- [DATA SEGMENT]:
■ ■ ■
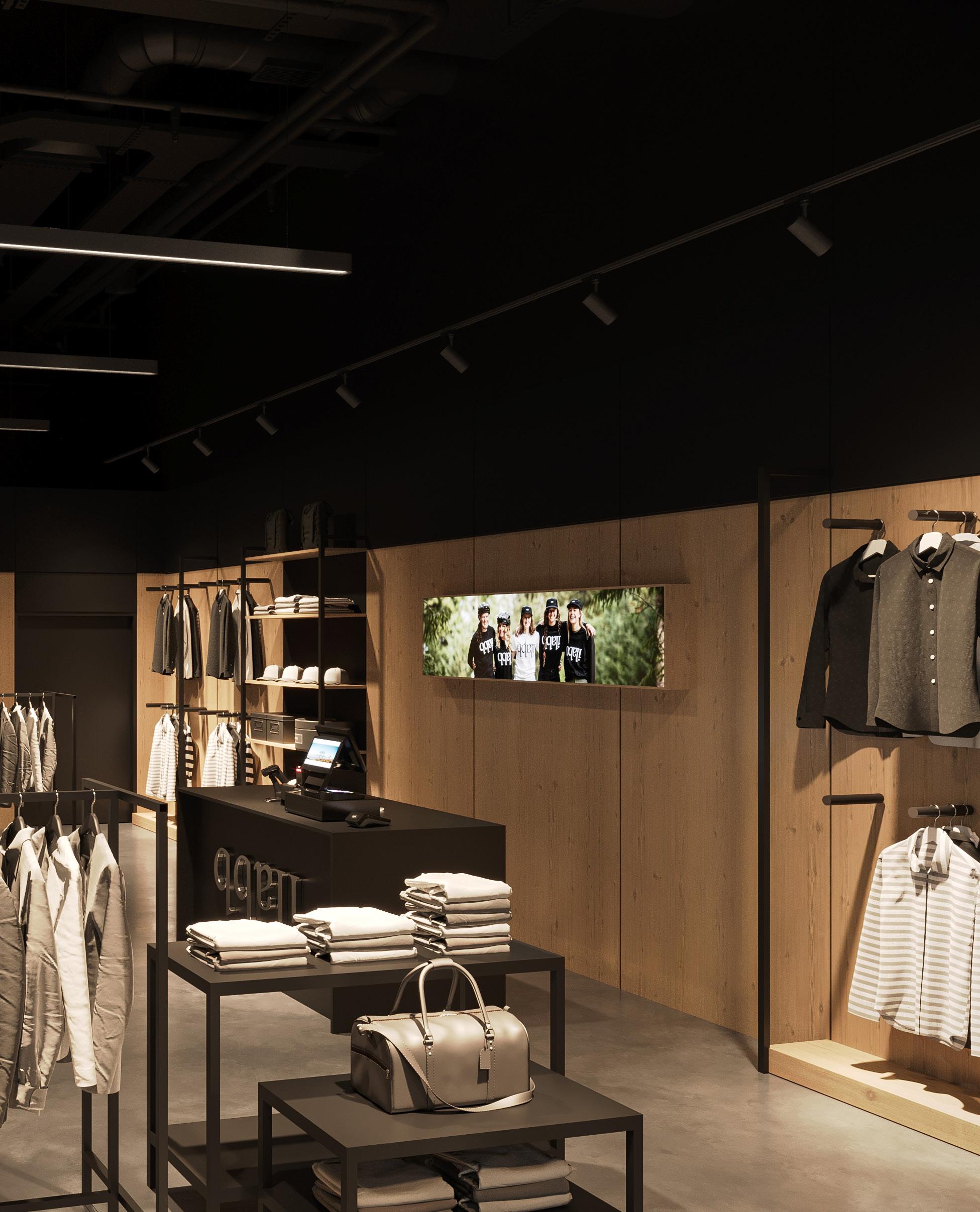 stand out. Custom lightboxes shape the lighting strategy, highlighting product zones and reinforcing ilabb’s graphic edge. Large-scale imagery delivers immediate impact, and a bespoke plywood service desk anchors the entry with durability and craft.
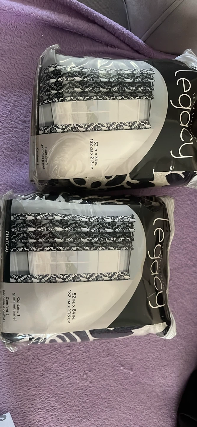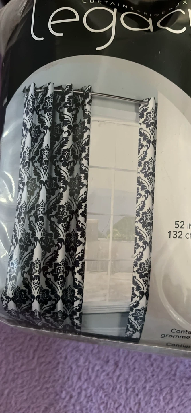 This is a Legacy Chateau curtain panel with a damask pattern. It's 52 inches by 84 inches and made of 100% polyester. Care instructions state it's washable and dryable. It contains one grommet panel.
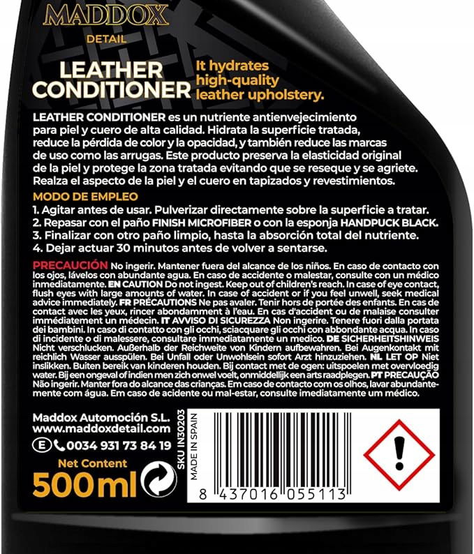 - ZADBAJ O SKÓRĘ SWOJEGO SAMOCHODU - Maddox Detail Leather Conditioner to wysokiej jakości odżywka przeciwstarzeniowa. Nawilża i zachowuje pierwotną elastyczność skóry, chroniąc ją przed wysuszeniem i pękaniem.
■ ■ ■
- [REQUIRED WORK]: Your job is to reproduce the material exactly. Keep pictures out of it.

- [RESULT]:
 stand out. Custom lightboxes shape the lighting strategy, highlighting product zones and reinforcing ilabb’s graphic edge. Large-scale imagery delivers immediate impact, and a bespoke plywood service desk anchors the entry with durability and craft.
 This is a Legacy Chateau curtain panel with a damask pattern. It's 52 inches by 84 inches and made of 100% polyester. Care instructions state it's washable and dryable. It contains one grommet panel.
 - ZADBAJ O SKÓRĘ SWOJEGO SAMOCHODU - Maddox Detail Leather Conditioner to wysokiej jakości odżywka przeciwstarzeniowa. Nawilża i zachowuje pierwotną elastyczność skóry, chroniąc ją przed wysuszeniem i pękaniem.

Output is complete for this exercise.